Low interest environment
Should the global economy remain within a “lower for longer” inflation and interest rate environment, and as real assets themselves become increasingly well understood, there is room for yield compression in many of the underlying investments.
The five core real asset classes and investments within each underlying specific real asset class sector will each respond differently to varied economic environments.
Some are more tilted to the economic cycle than others, some are more correlated with inflation, while others specifically take on commodity and other risks.
The rationale for a diversified portfolio of real assets is to reduce the risks inherent in individual real asset and sub-real asset classes and provide a solution offering a consistent real asset return profile over time.
The real asset universe is broad and varied, but does share a number of common characteristics.
Firstly the universe is linked, to varying degrees, with the global growth cycle.
It is therefore more likely to post good returns in a positive economic environment.
Secondly, much of the universe offers inflation-linked cash flows and thus protection from rising inflation.
Thirdly these cash flows, whether delivered via a coupon or a dividend, provide an attractive level of income.
And finally, to date, the universe has seen much lower mainstream investor participation than the traditional asset classes which we believe provides a relative value opportunity.
Underpinning each of the specific real asset opportunities there are a number of structural trends supporting long-term allocation of capital.

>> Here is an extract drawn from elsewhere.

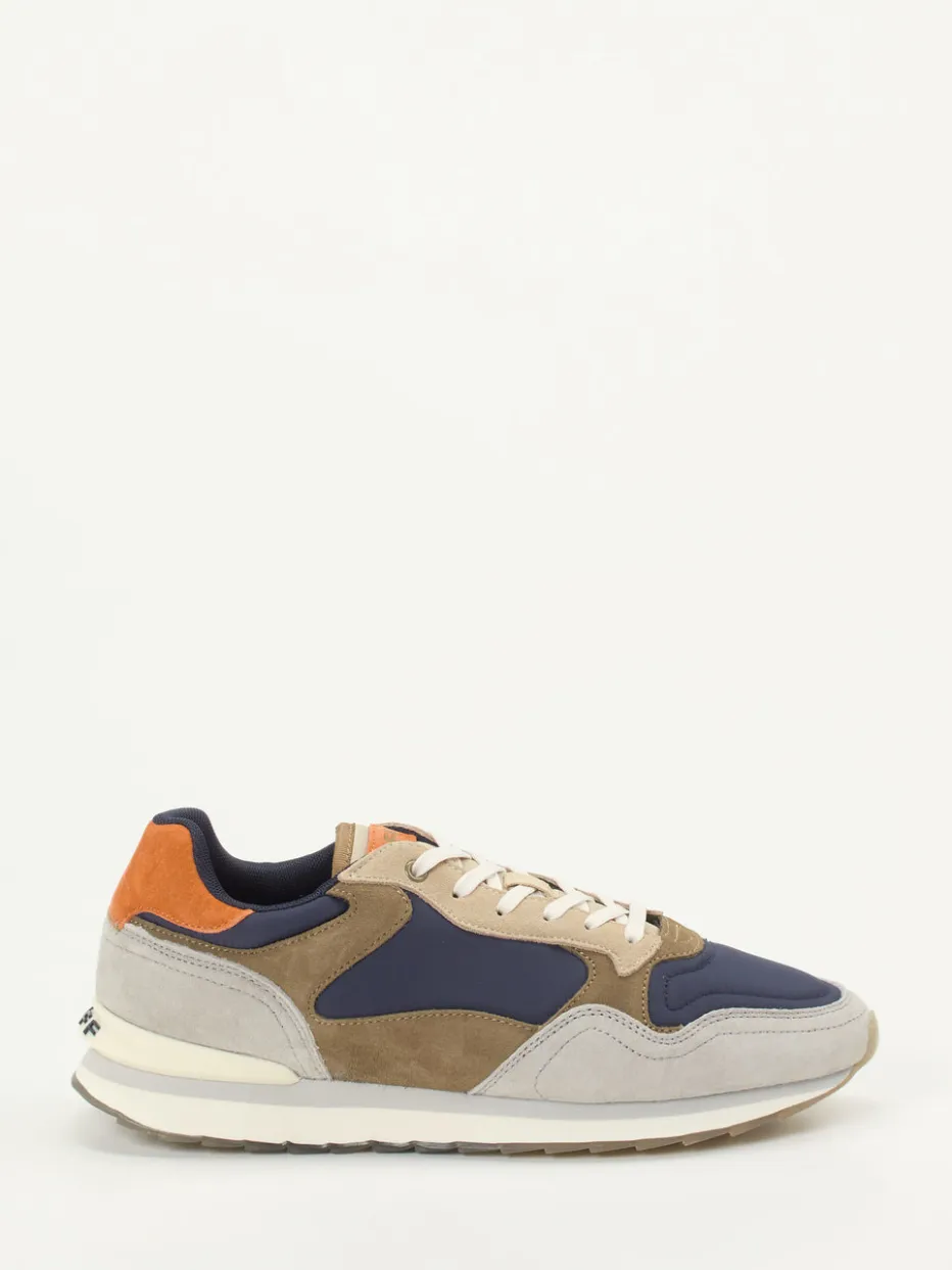 Der Sneaker Biarritz von THE HOFF BRAND bringt frischen Wind in das Freizeit-Repertoire. Ein City-Spaziergang oder ein entspannter Wochenendtrip findet sein modisches Pendant in diesem Retro-Sneaker. Die Kombination aus samtig angeschliffenem Veloursleder und luftdurchlässigem Hightech-Mesh sorgt für angenehmen Tragekomfort. Dunkelblau dominiert den Look, akzentuiert durch hellgraue, taupefarbene und rostorange Elemente im Color-Blocking-Stil. Die klassische Runner-Form wird durch gepolsterten Schaftrand, cremefarbene Schnürung und eine farblich abgestimmte Profilsohle mit Marken-Print dynamisch ergänzt. Streetwear-inspiriert und trendbewusst lässt sich der Schuh vielseitig zu Bomberjacke und Canvas-Cap kombinieren. Zeitgemäßes Design mit hohem Komfortanspruch – typisch HOFF.
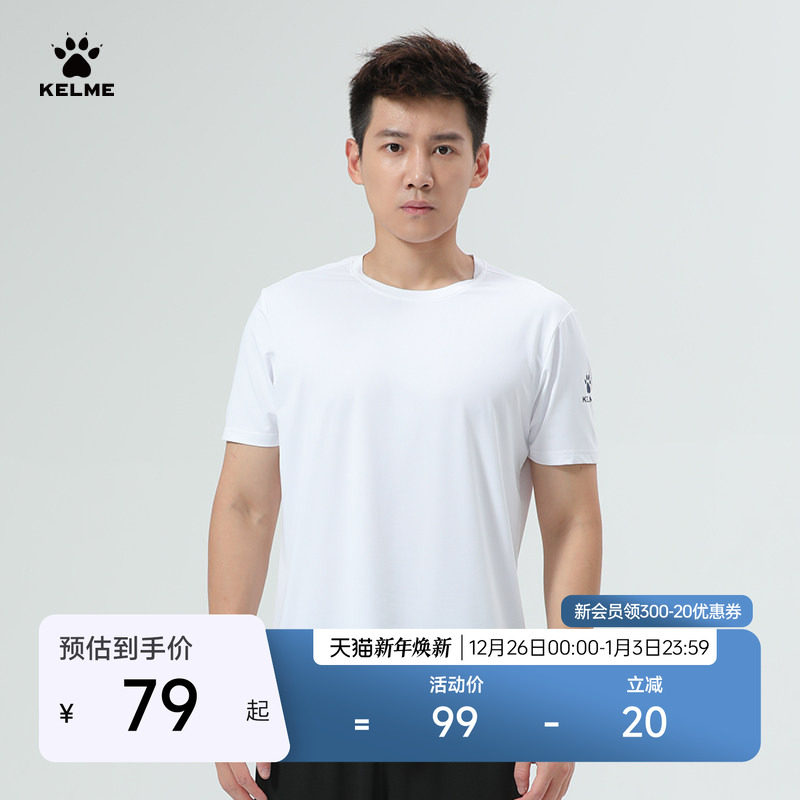 KELME卡尔美运动T恤男透气速干跑步健身训练服女短袖圆领纯色上衣

Infrastructure: Global demand for increased infrastructure spend, either through the broadening of China’s ‘One Belt One Road’ initiative or a large scale US led fiscal stimulus package aiming to boost economic growth.
Property: The shift to e-commerce provides opportunity within the logistics and retail warehousing sectors, while the demographic profile and limited government budgets provide a range of attractive investment opportunities in Healthcare, Social housing and Care Homes.
Commodity: The shifting energy mix to tackle climate change coupled with the geopolitical and multilateral agreements to reduce greenhouse gasses provides a fertile opportunity set to invest across renewable asset classes, while many ‘traditional’ natural resources, such as copper have compelling supply demand dynamics, while trading at attractive valuations.
Finally, the retrenchment of investment and corporate banks from traditional financing has created a rich opportunity set for many institutional investors to provide capital at attractive rates across the specialist lending and asset finance sectors.
In summary, the global interest rate policy environment enacted by central banks post the global financial crisis with associated low yields, accompanied by weak economic growth and benign inflation appear somewhat entrenched in developed economies.